(Required action) One part of the entries below is wanted: the lines from the one containing "技嘉B760MAORUSEL" through the one containing "(a) Pulse height". Write those out exactly and nothing else.

(Dataset excerpts)

++++++++++

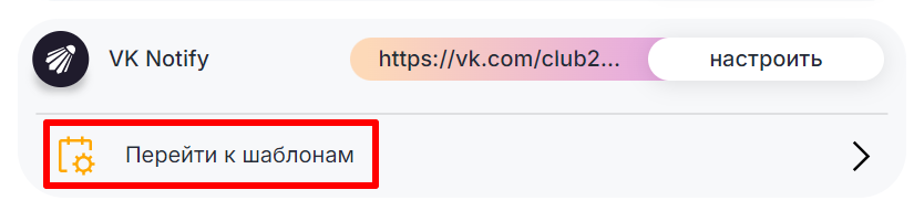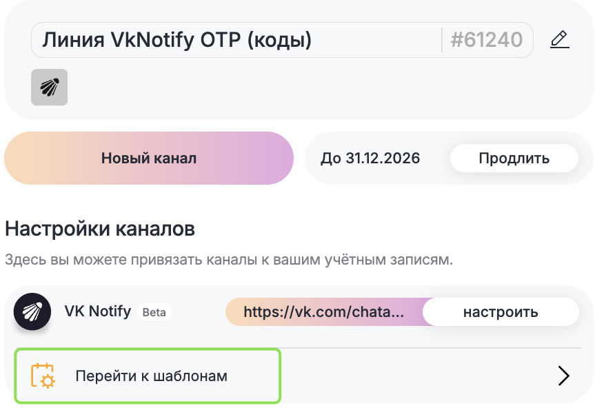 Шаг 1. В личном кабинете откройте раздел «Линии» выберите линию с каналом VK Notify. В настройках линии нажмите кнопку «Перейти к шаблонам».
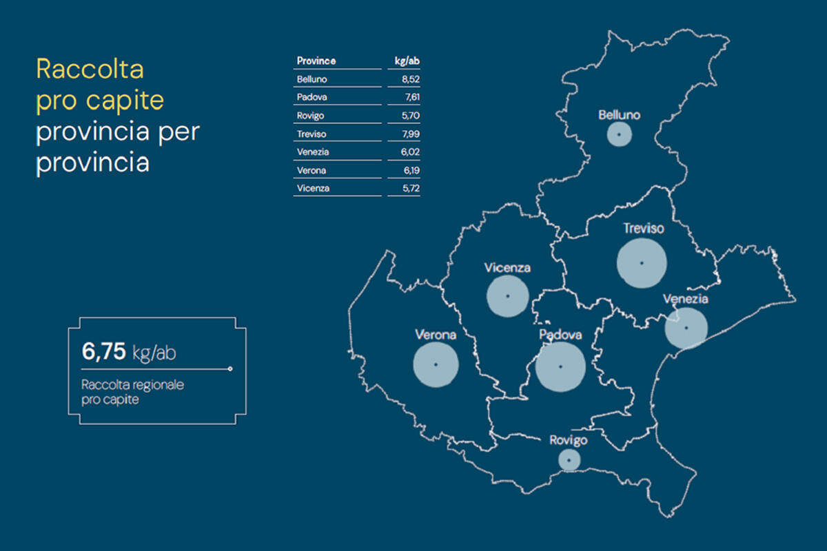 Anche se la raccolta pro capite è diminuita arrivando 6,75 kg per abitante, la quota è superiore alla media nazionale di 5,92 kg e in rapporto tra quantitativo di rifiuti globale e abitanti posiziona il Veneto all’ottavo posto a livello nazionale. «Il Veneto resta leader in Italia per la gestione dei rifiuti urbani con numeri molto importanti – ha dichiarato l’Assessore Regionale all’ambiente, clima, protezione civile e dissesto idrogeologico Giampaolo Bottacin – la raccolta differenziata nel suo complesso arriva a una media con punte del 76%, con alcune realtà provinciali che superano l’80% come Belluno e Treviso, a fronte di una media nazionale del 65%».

++++++++++

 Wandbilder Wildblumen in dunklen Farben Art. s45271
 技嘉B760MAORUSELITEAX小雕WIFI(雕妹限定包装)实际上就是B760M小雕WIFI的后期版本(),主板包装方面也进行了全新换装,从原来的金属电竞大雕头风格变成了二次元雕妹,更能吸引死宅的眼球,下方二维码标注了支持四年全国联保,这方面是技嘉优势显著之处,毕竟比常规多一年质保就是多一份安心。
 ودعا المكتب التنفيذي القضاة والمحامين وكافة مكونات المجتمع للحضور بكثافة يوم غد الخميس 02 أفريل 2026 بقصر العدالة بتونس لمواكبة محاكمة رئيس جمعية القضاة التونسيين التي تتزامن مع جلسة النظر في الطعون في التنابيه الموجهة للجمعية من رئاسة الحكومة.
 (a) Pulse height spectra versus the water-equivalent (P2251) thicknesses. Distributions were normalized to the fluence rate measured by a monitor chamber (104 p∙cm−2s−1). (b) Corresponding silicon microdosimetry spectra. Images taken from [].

++++++++++

(Finished task)
 技嘉B760MAORUSELITEAX小雕WIFI(雕妹限定包装)实际上就是B760M小雕WIFI的后期版本(),主板包装方面也进行了全新换装,从原来的金属电竞大雕头风格变成了二次元雕妹,更能吸引死宅的眼球,下方二维码标注了支持四年全国联保,这方面是技嘉优势显著之处,毕竟比常规多一年质保就是多一份安心。
 ودعا المكتب التنفيذي القضاة والمحامين وكافة مكونات المجتمع للحضور بكثافة يوم غد الخميس 02 أفريل 2026 بقصر العدالة بتونس لمواكبة محاكمة رئيس جمعية القضاة التونسيين التي تتزامن مع جلسة النظر في الطعون في التنابيه الموجهة للجمعية من رئاسة الحكومة.
 (a) Pulse height spectra versus the water-equivalent (P2251) thicknesses. Distributions were normalized to the fluence rate measured by a monitor chamber (104 p∙cm−2s−1). (b) Corresponding silicon microdosimetry spectra. Images taken from [].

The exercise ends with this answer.